Section 1094 - Dissolution of Joint Venture Corporation Having Two ShareholdersA. If the shareholders of a corporation of this state, having only two shareholders each of which owns fifty percent (50%) of the stock therein, shall be engaged in the prosecution of a joint venture and if the shareholders shall be unable to agree upon the desirability of discontinuing the joint venture and disposing of the assets used in the venture, either shareholder may, unless otherwise provided in the certificate of incorporation of the corporation or in a written agreement between the shareholders, file with the district court a petition stating that it desires to discontinue the joint venture and to dispose of the assets used in the venture in accordance with a plan to be agreed upon by both shareholders or that, if no plan shall be agreed upon by both shareholders, the corporation be dissolved. The petition shall have attached thereto a copy of the proposed plan of discontinuance and distribution and a certificate stating that copies of the petition and plan have been transmitted in writing to the other shareholder and to the directors and officers of the corporation.
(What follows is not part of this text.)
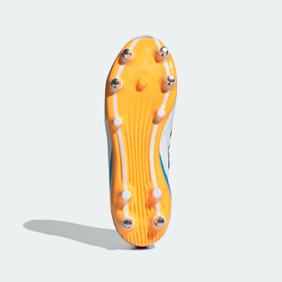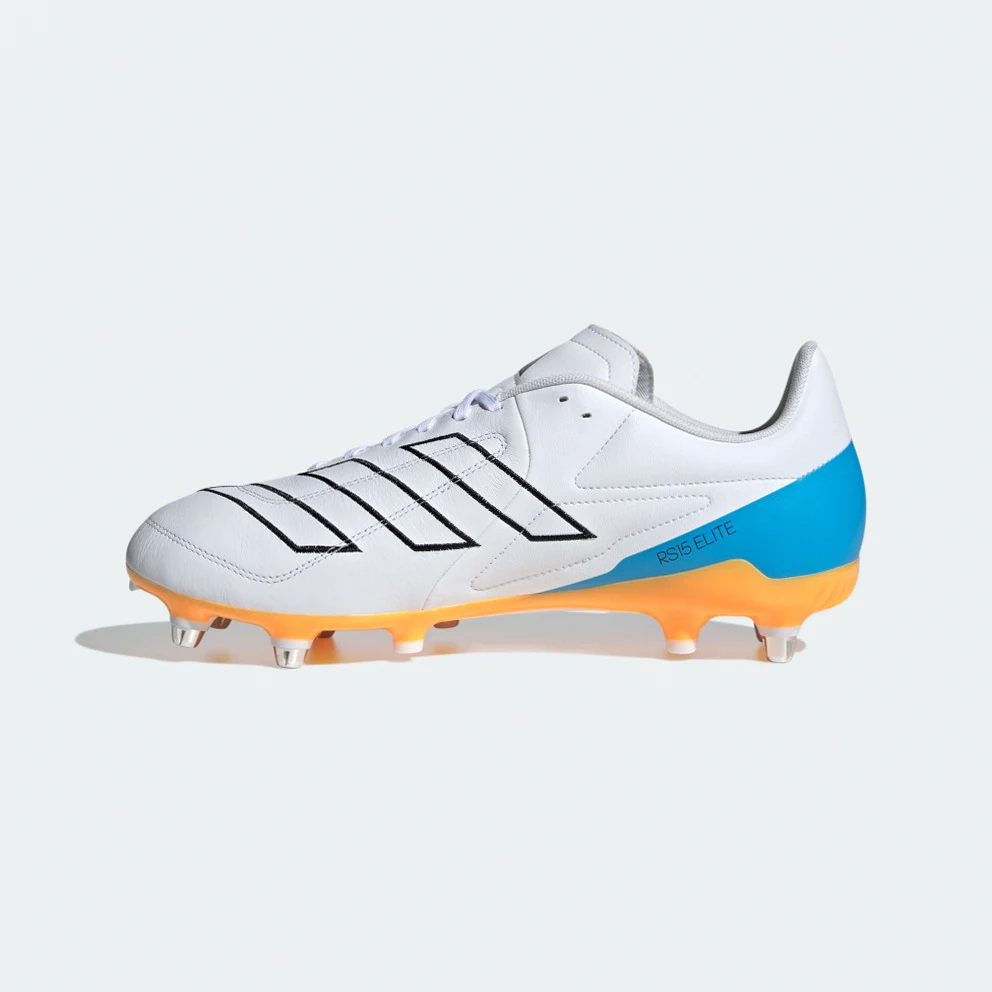 Rapid in every direction. As the game gets faster, players need to respond in a heartbeat. Built for soft ground, these adidas RS15 Elite rugby boots keep you locked in with an adaptive leather forefoot. Foam in the heel and padding on the collar line work together to cushion you during sudden bursts of acceleration. The off-centre lacing leaves a wide sweet spot on the forefoot for accurate, rugby-specific kicking.Made with a series of recycled materials, this upper features at least 50% recycled content. This product represents just one of adidas' solutions to help end plastic waste.

The petition and certificate shall be executed and acknowledged in accordance with the provisions of Section 1007 of this title.B.1. Unless both shareholders file with the district court, the district court may dissolve the corporation and may by appointment of one or more trustees or receivers with all the powers and title of a trustee or receiver appointed pursuant to the provisions of Section 1100 of this title, administer and wind up its affairs: a. within three (3) months of the date of the filing of the petition, a certificate similarly executed and acknowledged stating that they have agreed on the plan, or a modification thereof, and b. within one (1) year from the date of the filing of the petition, a certificate similarly executed and acknowledged stating that the distribution provided by the plan has been completed.2. Either or both of the periods provided for in paragraph 1 of this subsection may be extended by agreement of the shareholders, evidenced by a certificate similarly executed, acknowledged and filed with the district court prior to the expiration of the period.Okla. Stat. tit. 18, § 1094
Added by Laws 1986, HB 1979, c. 292, § 94, eff. 11/1/1986; Amended by Laws 1998 , SB 1300, c. 422, § 22, eff. 11/1/1998.